简体   繁体   English

使用PEG.js简单解析问题

[英]Simple parsing questions using PEG.js

I'm trying to wrap my head around PEG by entering simple grammars into the PEG.js playground . 我试图通过在PEG.js操场上输入简单的语法来绕过PEG。

Example 1: 例1:

  • Input: "abcdef1234567ghijklmn8901opqrs" 输入: "abcdef1234567ghijklmn8901opqrs"
  • Desired output: ["abcdef", "1234567", "ghijklmn", "8901", "opqrs"] 期望的输出: ["abcdef", "1234567", "ghijklmn", "8901", "opqrs"]

  • Actual output: ["abcdef", ["1234567", ["ghijklmn", ["8901", ["opqrs", ""]]]]] 实际输出: ["abcdef", ["1234567", ["ghijklmn", ["8901", ["opqrs", ""]]]]]

This example pretty much works, but can I get PEG.js to not nest the resulting array to a million levels? 这个例子非常有效,但是我可以让PEG.js不将生成的数组嵌套到百万级别吗? I assume the trick is to use concat() instead of join() somewhere, but I can't find the spot. 我假设诀窍是在某处使用concat()而不是join() ,但我找不到这个地方。

start
  = Text

Text
  = Numbers Text
  / Characters Text
  / EOF

Numbers
  = numbers: [0-9]+ {return numbers.join("")}

Characters
  = text: [a-z]+ {return text.join("")}

EOF
  = !.

Example 2: 例2:

Same problem and code as Example 1, but change the Characters rule to the following, which I expected would produce the same result. 与示例1相同的问题和代码,但将字符规则更改为以下内容,我预期会产生相同的结果。

Characters
  = text: (!Numbers .)+ {return text.join("")}

The resulting output is: 结果输出是:

[",a,b,c,d,e,f", ["1234567", [",g,h,i,j,k,l,m,n", ["8901", [",o,p,q,r,s", ""]]]]]

Why do I get all these empty matches? 为什么我得到所有这些空的比赛?

Example 3: 例3:

Last question. 最后一个问题。 This doesn't work at all. 这根本不起作用。 How can I make it work? 我怎样才能使它工作? And for bonus points, any pointers on efficiency? 对于奖励积分,任何关于效率的指针? For example, should I avoid recursion if possible? 例如,如果可能,我应该避免递归吗?

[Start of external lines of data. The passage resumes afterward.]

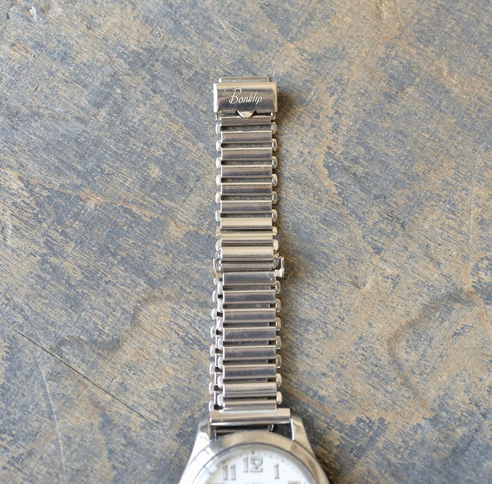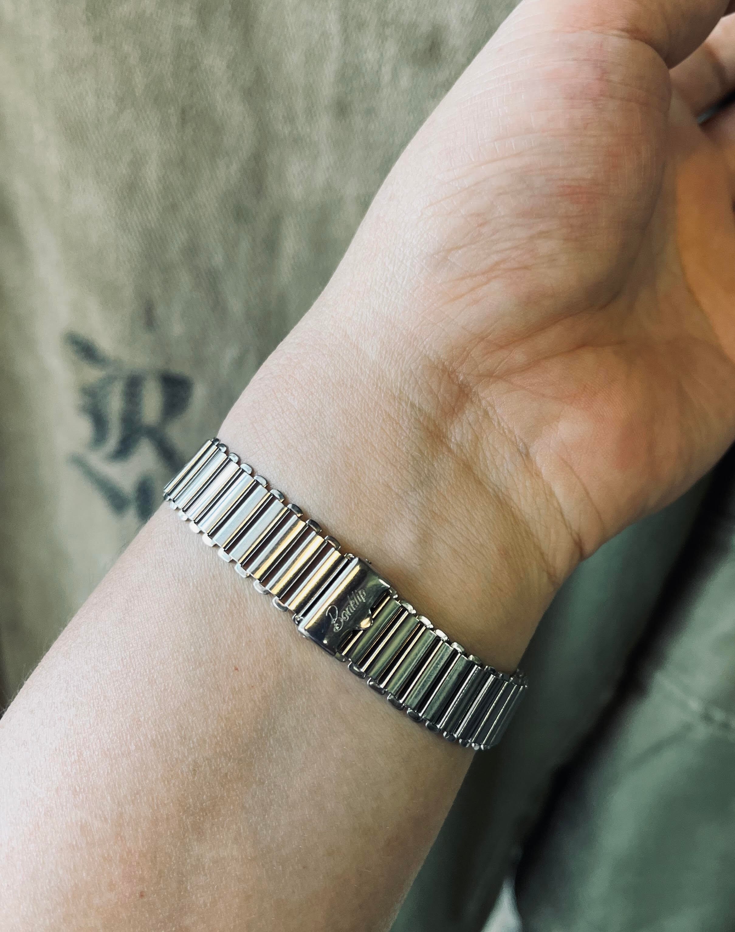 The bracelet is a British-made Bonclip bamboo bracelet from the 1940s. It is in new old stock condition, made of stainless steel with a 16mm mounting width, a 13mm body width, and an early style with a cursive logo.
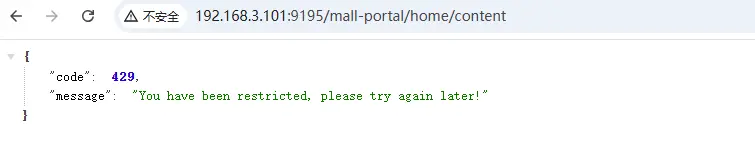 mall-portal中的某個接口,會提示你已經被限流了,接口地址:http://192.168.3.101:9195/mall-portal/home/content
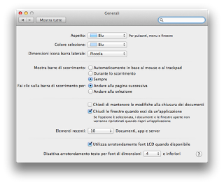 Cosa anche peggiore, la regolazione del font, essendo un'impostazione generale, si applica anche al Finder. Per cui se mi serve un font più grande per il Finder e uno più piccolo per Mail.app, non lo posso avere. Prima si poteva.Scritto da Paolo Attivissimo per il blog Il Disinformatico. Ripubblicabile liberamente se viene inclusa questa dicitura (dettagli). Sono ben accette le donazioni Paypal.
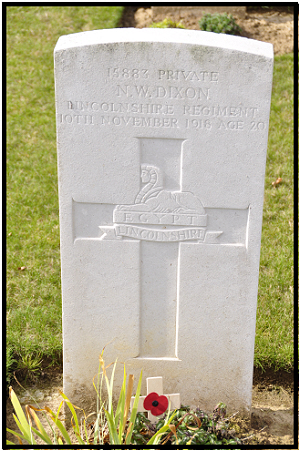 He enlisted in March 1915 in Gainsborough, Lincs, when he must have lied about his age. "Soldiers Died", incorrectly, has him born in Gainsborough. He died of bronchial pneumonia in No.45 Casualty Clearing Station at Awoingt. His legatee was Miss Lilian DUKE. The Gainsborough News of 22nd November 1918 reported:- DIXON, N.W. Pte. Lincolns We regret to have to record the loss of Pte Neville W. Dixon, another Gainsborough boy, the son of Mr & Mrs H K Dixon of 3 Arthur Road and late of Gringley on the Hill. Pte Dixon was one of those brave lads who felt the call of his country in the early stages of the war and joined up in March 1915 when only 16 years of age. After 4 months training in the Lincolns he was sent to Gallipoli where he received a gunshot wound to the knee which invalided him to the Palace Hospital in Cairo. In June 1916 he was called to France with many others and was present at Messines Ridge in 1917 and was gassed at Loos in March 1918 and was sent to England. On recovering he went to Ireland and to France in September last. Towards the end of October he was the victim of the influenza which turned to Bronchial Pneumonia and terminally fatal, in spite of the best nursing possible in the 45th Casualty clearing hospital on November 10th. Pte N Dixon was educated at the Gainsborough Grammar school, finishing at the East Anglia School, Bury St Edmunds and afterwards was apprenticed with Mr H C Lee of Silver Street. He was a bright and cheery disposition which helped him through many depressing circumstances and his many friends will regret that a career so full of promise has been thus suddenly ended. In the midst of the great rejoicing it is exceptionally hard for the parents, who having been looking forward to their boy's safe return receive instead the notification of his death, we are sure that everyone's sympathy goes out to this and any such cases in the neighbourhood. |

I'd also appreciate a link to a good PEG tutorial. 我也很欣赏一个很好的PEG教程的链接。 I've read ( http://www.codeproject.com/KB/recipes/grammar_support_1.aspx ), but as you can see I need more help ... 我已阅读( http://www.codeproject.com/KB/recipes/grammar_support_1.aspx ),但正如您所见,我需要更多帮助......

  • Input: 'abcdefghijklmnop"qrstuvwxyz"abcdefg' 输入: 'abcdefghijklmnop"qrstuvwxyz"abcdefg'
  • Desired output: ["abcdefghijklmnop", "qrstuvwxyz", "abcdefg"] 期望的输出: ["abcdefghijklmnop", "qrstuvwxyz", "abcdefg"]
  • Actual output: "abcdefghijklmnop\\"qrstuvwxyz\\"abcdefg" 实际输出: "abcdefghijklmnop\\"qrstuvwxyz\\"abcdefg"
start
  = Words

Words
  = Quote
  / Text
  / EOF

Quote
  = quote: ('"' .* '"') Words {return quote.join("")}

Text
  = text: (!Quote . Words) {return text.join("")}

EOF
  = !.

I received a reply in the PEG.js Google Group that helped me onto the right track. 我收到了PEG.js Google Group的回复,帮助我走上正轨。 I'm posting answers to all three problems in the hope that they can serve as a rudimentary tutorial for other PEG beginners like myself. 我正在发布所有三个问题的答案,希望它们可以作为像我这样的其他PEG初学者的基础教程。 Notice that no recursion is needed. 请注意,不需要递归。

Example 1: 例1:

This is straightforward once you understand basic PEG idioms. 一旦你理解了基本的PEG习语,这很简单。

start
  = Text+

Text
  = Numbers
  / Characters

Numbers
  = numbers: [0-9]+ {return numbers.join("")}

Characters
  = text: [a-z]+ {return text.join("")}

Example 2: 例2:

The problem here is a peculiar design choice in the PEG.js parser generator for Peek expressions (&expr and !expr). 这里的问题是Peek表达式(&expr和!expr)的PEG.js解析器生成器中的一种特殊设计选择。 Both peek ahead into the input stream without consuming any characters, so I incorrectly assumed that they didn't return anything. 两者都在不消耗任何字符的情况下向前查看输入流,因此我错误地认为它们没有返回任何内容。 However, they both return an empty string. 但是,它们都返回一个空字符串。 I hope the author of PEG.js changes this behavior, because (as far as I can tell) this is just unnecessary cruft that pollutes the output stream. 我希望PEG.js的作者改变这种行为,因为(据我所知)这只是污染输出流的不必要的瑕疵。 Please correct me if I'm wrong about this! 如果我错了,请纠正我!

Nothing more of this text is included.